- Born: Unknown Jiangsu, China
- Died: Unknown
- Spouse: Zhang Mao
- Children: Three unnamed sons

= Lady Lu (Jin dynasty) =

Military Leader

Lady Lu ( 4th century) was the wife of Zhang Mao (張茂; not to be confused with the Former Liang ruler of the same name, Zhang Mao), a military general of the Jin dynasty (266–420). She was noted to have commanded soldiers during Wang Dun's Insurrection in 324, siding with Emperor Ming of Jin's forces against the paramount leader, Wang Dun.

== Life ==
Lady Lu was a native of Wu Commandery and was married to Jin's Administrator of Wu, Zhang Mao. In 322, a civil war broke out between Emperor Yuan of Jin and his powerful commander, Wang Dun. During the war, one of Wang Dun's closest associates, Shen Chong, invaded and captured Wu Commandery. While doing so, he killed Zhang Mao and three of his sons. By the end of the year, Wang Dun had defeated Emperor Yuan's forces and taken control of the Jin government.

In 324, Emperor Yuan's successor, Emperor Ming, began a coalition against Wang Dun to restore imperial rule. Wanting to enact revenge, Lady Lu exhausted her family's wealth to join the campaign against Shen Chong. She served in the forefront of the campaign, commanding over her husband's former troops. She and the other loyalist generals defeated Shen Chong by September 324, and he was later killed by a former subordinate of his, Wu Ru (吳儒).
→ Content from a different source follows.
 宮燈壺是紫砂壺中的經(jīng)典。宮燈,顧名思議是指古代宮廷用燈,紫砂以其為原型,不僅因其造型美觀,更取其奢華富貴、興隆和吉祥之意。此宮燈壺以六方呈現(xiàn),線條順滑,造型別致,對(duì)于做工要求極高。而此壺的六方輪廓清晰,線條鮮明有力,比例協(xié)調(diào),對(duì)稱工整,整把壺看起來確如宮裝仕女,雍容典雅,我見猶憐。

After Wang Dun and Shen Chong's defeat, Lady Lu visited the palace, where she wrote a letter to Emperor Ming apologizing on Zhang Mao's behalf for having lost his commandery to Shen Chong. Emperor Ming thus issued an edict stating, "Zhang Mao and his wife were both loyal and sincere, and their family have sacrificed greatly for the state's cause. It is only apt that Zhang Mao be posthumously gifted the office of Minister Coachman."